Records from a dataset
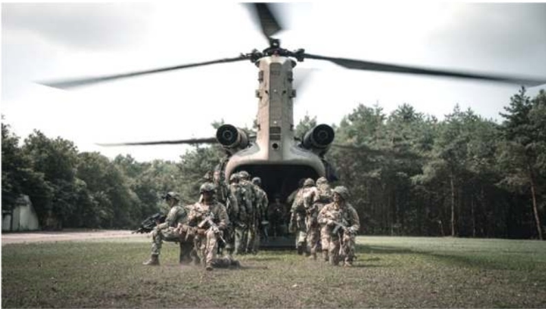
Wonju's stijgen in een CH-47 tijdens de oefening JOINT FALCON

Vlak voor het zomerverlof kreeg de B-WONJU-Compagnie nog de kans om een retentietraining te hebben op de basis en de kern van ons optreden: Air Assault . In samenwerking met het Defensie Helikopter Commando (DHC) werden er meerdere acties gepland en kon er uiteindelijk ook nog een actie uitgevoerd worden tijdens de oefening JOINT FALCON.
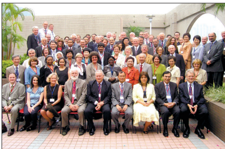
Kopā ar Starptautiskās skolēnu sasniegumu novērtēšanas asociācijas (IEA) 48. Ģenerālās Asamblejas dalībniekiem Honkongas universitātē 2007. gadā
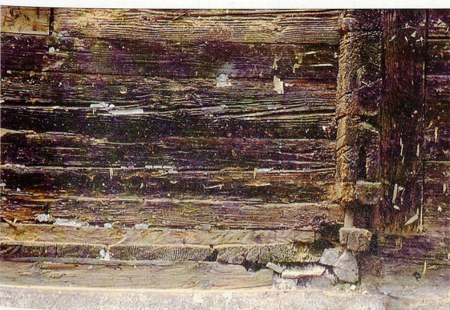
2: Südöstliche Ecke des erhaltenen Teils des Kernbaus. Sichtbar sind die fassadenbündigen Bodenbohlen und das Schwellenschloss. Rechts fügt sich der Anbau des 19. Jh. an. Blick nach Norden.

Die darüberliegende Kammer übernahm den Grundriss derjenigen des Erdgeschosses, hatte aber eine Raumhöhe von mutmasslich 1,75 m. Die 1989 angetroffene Decke
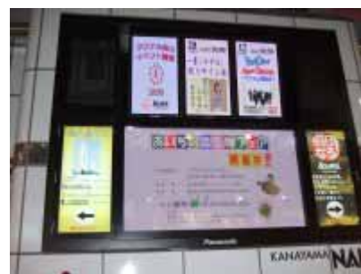
電光掲示板を使った周知
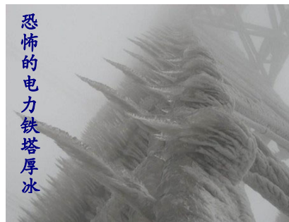
恐怖的电力铁塔厚冰

面对着愈演愈烈的天灾人祸，我们是否应该反思一下：“善恶有报”是迷信还是天理？“天人合一”和“战天斗地”，到底哪个才是正
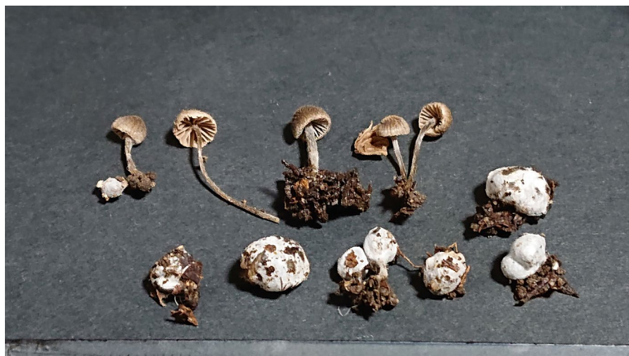
図 5. セコチウム型菌と、その近くで見つかったイッポンシメジの仲間.

このセコチウム型菌とイッポンシメジの仲間の関係性は今のところ分かりませんが、これまで、この不明なきのこは福岡県の他に神奈川県、山梨県、岐阜県、長野県などで発生が確認されているとのことです(折原・山本、私信)。今回見つかった
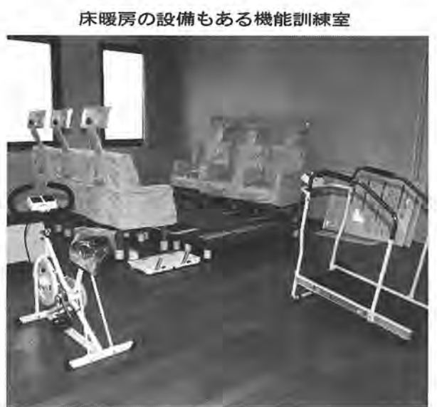
床暖房の設備もある機能訓練室
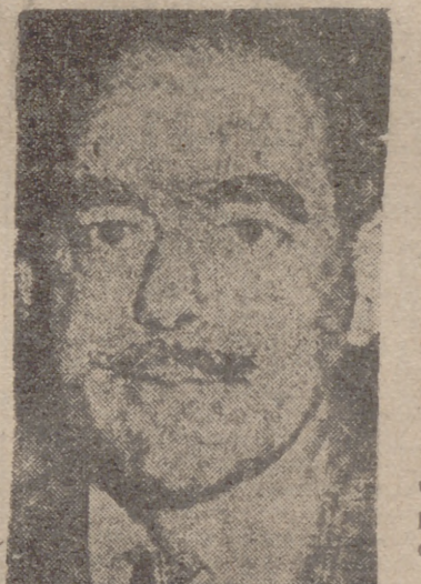
Acheson duda de que los comunistas chinos entren en Corea

Atenas, 5.—El jefe del Gobierno, Sofocles Venizelos, ha anunciado que Grecia había aceptado la invitación del Consejo del Pacto del Atlántico para tomar parte en los planes defensivos del Mediterráneo oriental.—Efe.
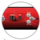
Pannello digitale Digital panel

STANDARD FUNCTION ONLY FOR CHAMBER MACHINES
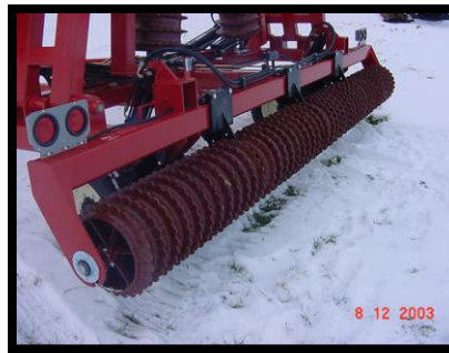
5 bearing main frame section, lights & reflectors standard
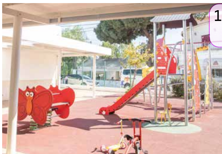
1 As crianças da EB Bairro Alentejano já desfrutam do logradouro renovado
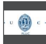
Faculdade de Letras da
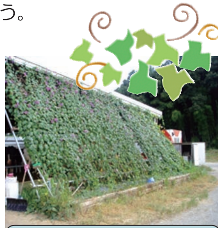
ネットに植物を這わせた緑のカーテンの一例

### Problem to work on
State only the number of lines in these entries that contain "JOINT".

### Problem solution
2